#### [The task]
Output exactly, and only, the stretch of lines beginning at the line with "2022年7月10日,图为白洋淀芦苇荡中的鸟类展翅翱翔。河北日报记者李东宇摄" and ending at the last line of the listing below. Drop the pictures.

#### [Stored data]
——
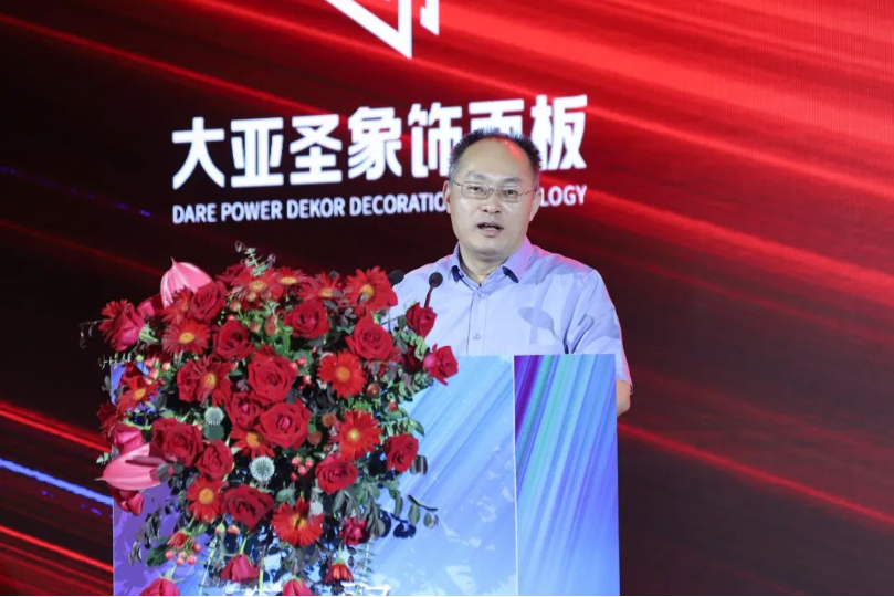 活動伊始,圣象強化制造總經理、大亞人造板丹陽工廠總經理、大亞飾面板(江蘇)有限公司總經理馬龍致歡迎辭,他代表大亞圣象飾面板項目全體成員對與會嘉賓表示誠摯的謝意,并回顧了項目從立項、研發、生產到銷售的心路歷程。他講到:“我們秉承著產品第一、精雕細琢的理念,不斷地推倒重來、不斷地優化花色和工藝,通過大半年的時間才將產品定型。地板制造多年來沉淀的技術優勢加上產業上游各供應鏈伙伴的大力支持,讓我們在飾面材料、表現力、功能性上有著獨特的競爭力。
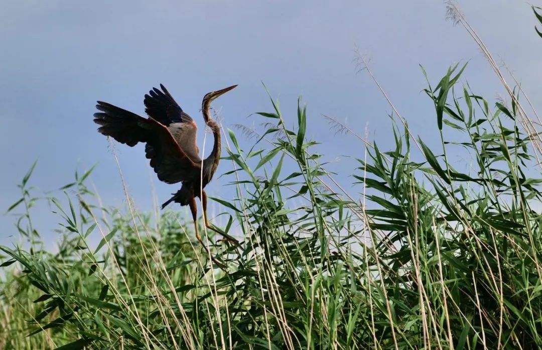 2022年7月10日,图为白洋淀芦苇荡中的鸟类展翅翱翔。河北日报记者李东宇摄
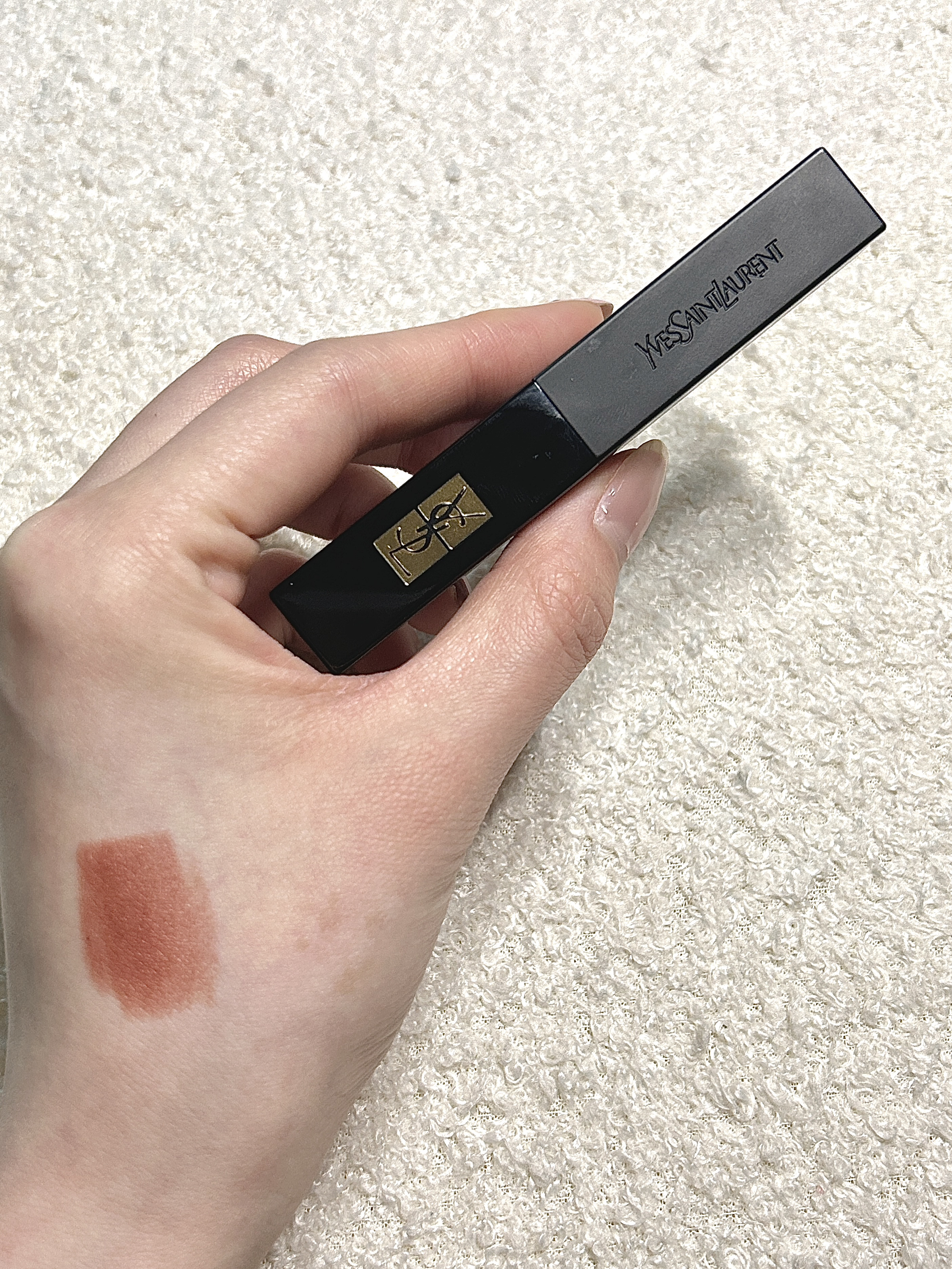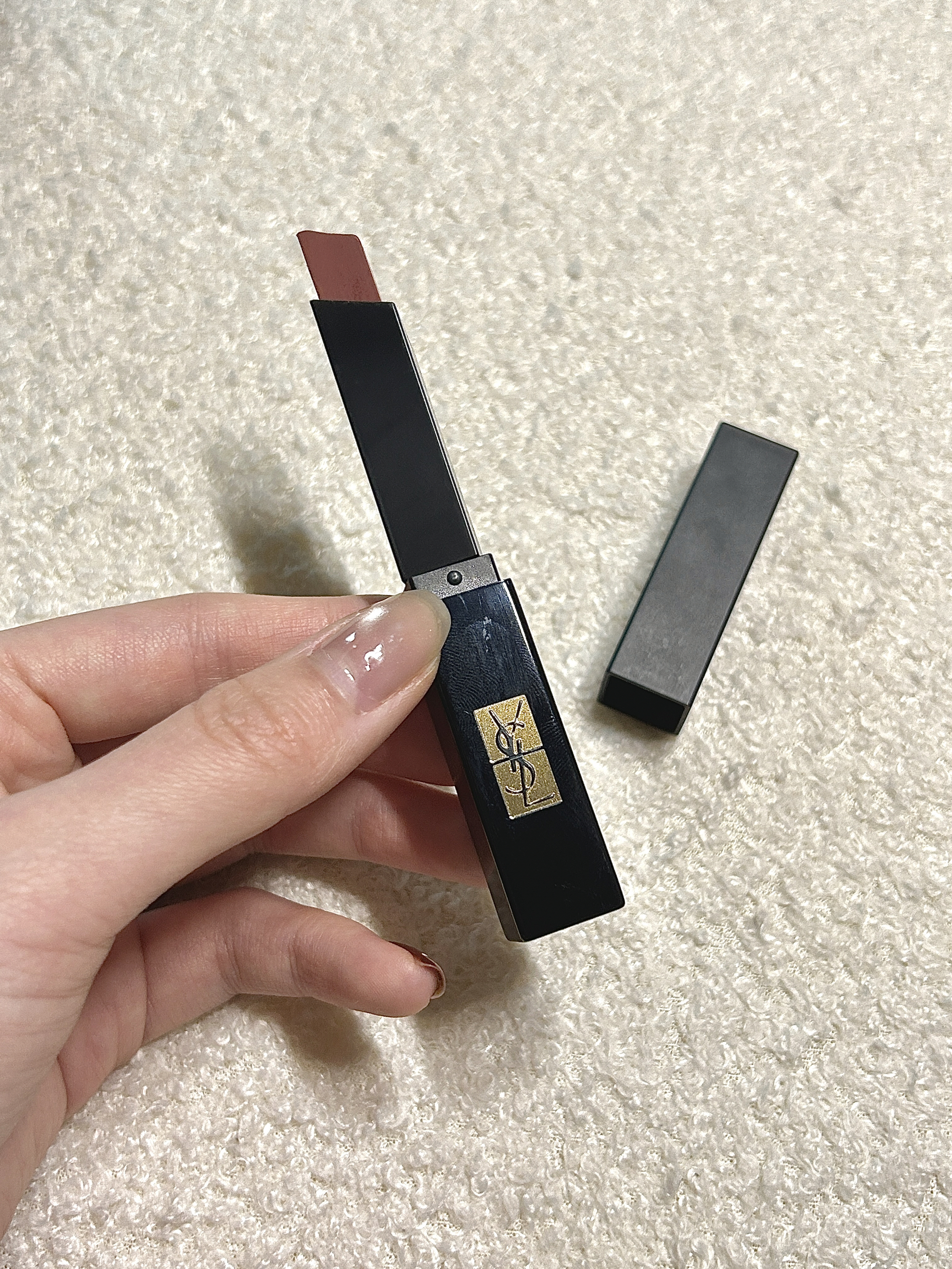 人生第一支大牌口红之一必须有YSL小黑条314一席之地 磨砂黑管拿在手里,精致的刻字,外壳就非常大气 这支偏冷调红棕,是我春日通勤的作弊神器,薄涂提气色,厚涂气场全开 虽然是哑光质地但丝滑不挑唇部状态,随手一涂就很显贵。
——
#### [Reply]
 2022年7月10日,图为白洋淀芦苇荡中的鸟类展翅翱翔。河北日报记者李东宇摄
 人生第一支大牌口红之一必须有YSL小黑条314一席之地 磨砂黑管拿在手里,精致的刻字,外壳就非常大气 这支偏冷调红棕,是我春日通勤的作弊神器,薄涂提气色,厚涂气场全开 虽然是哑光质地但丝滑不挑唇部状态,随手一涂就很显贵。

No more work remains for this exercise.